Eşler ve sevgililer, ötekinden kendilerini mutlu etmesini beklediğinde hayal kırıklığına uğrar. Ebeveynler çocuklarından kendilerini mutlu etmelerini beklediğinde hayal kırıklığına uğrar. Ailelerimizin tadını daha fazla çıkarmak için daha geniş sosyal ortamlara çıkmalıyız. Manevi bir ortak iklimi teneffüs etmek,  aile bireylerini bir ruhsal akrabalıkla birbirine bağlar. Akrabalarımızla, iş arkadaşlarımızla ve aynı toplumu paylaştığımız insanlarla daha sık birlikte olmalıyız. Yakınlık ve toplumsallık değişik bağlanma ihtiyaçlarını giderir ve pek çok insan her iki türlü ilişkiye de ihtiyaç duyar. Bu sebeple yakın aile çevresinin dışında da bir dizi bağlanma geliştirmeye de ihtiyacımız var. Hayat bizim etrafımızda deveran etmiyor ve mutlak bir mutluluk yok. Başka insanlarla birlikte yaşamak bize uzlaşmayı ve ihtimamı öğretir.

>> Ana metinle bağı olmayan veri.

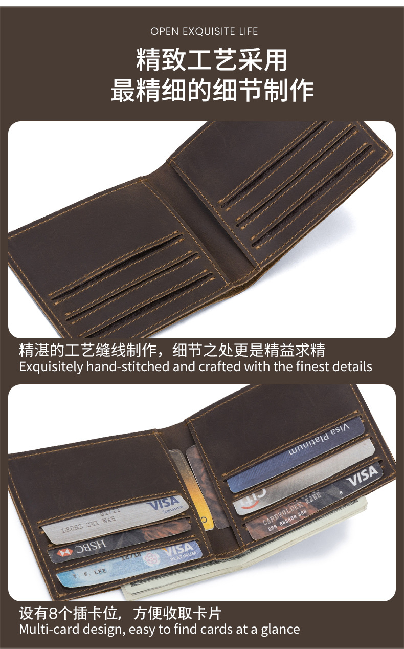 여러 카드 슬롯이 있는 크로스보더 남성용 정품 가죽 지갑, 캐주얼 복고풍 크레이지 호스 가죽 짧은 지갑 80% off 비즈니스 카드 홀더 지갑
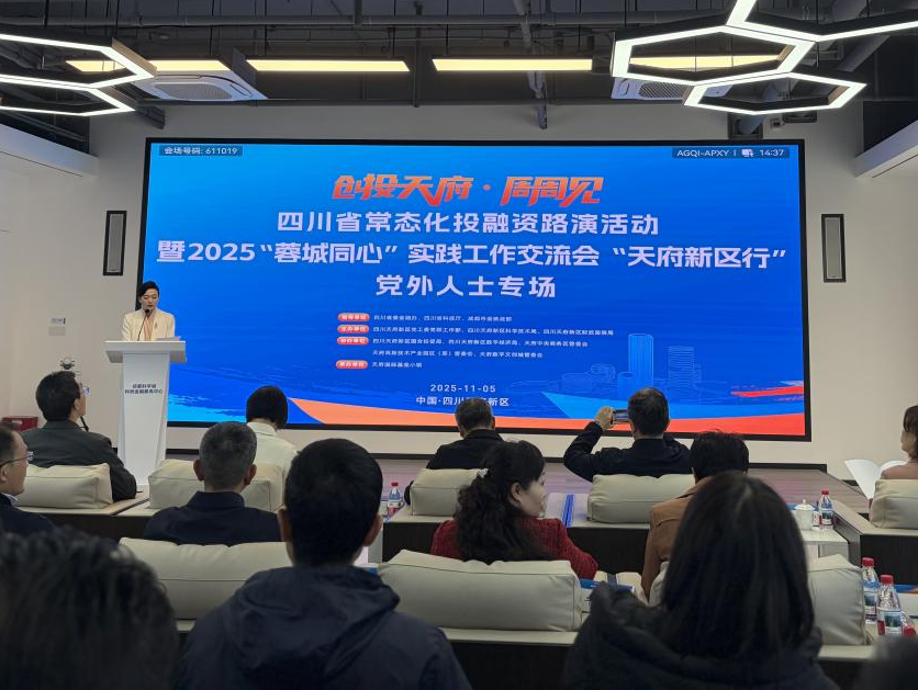 本次活动由四川天府新区党工委党群工作部、四川天府新区科技局、四川天府新区财政国资局等单位联合主办,聚焦“立园满园攻坚年”工作主题,依托“周周有路演、场场有成效”的四川省常态化投融资路演机制,推动全市党外资源与天府新区产业园区深度融合。会上,天府新区相关单位对新区产业布局、发展优势和配套政策进行宣传推介。在随后的项目路演环节,7家高新技术企业围绕生物科技、新材料、环保设备等领域进行展示,并与投融资机构、专家学者深度对接。最后,天府新区党工委党群工作部发布了《“蓉城同心・聚力天府”统一战线资源常态化对接交流机制》。该机制的发布构建了一个高效、务实、开放的合作平台,推动人才、技术、资本、信息、项目等要素在新区充分涌流、高效配置,将统一战线的智力和资源优势转化为推动新区高质量发展的现实动能。

Bir evi yuva yapan, ocağında tüten muhabbettir. Güzellik, sıradan gerçekliği aşan yaşantılarda bize göz kırpar. Ruhun ebediyete kapı araladığı anlar, sevginin bizi güzelleştirmesine izin verdiğimiz anlardır. Bir evi yuva yapan, orada bulduğumuz güzelliktir. Demem o ki göz ve ruhlarımız birbirine değsin. Sonra omuzlarımız birbirine değsin de birlikte ufku seyredelim.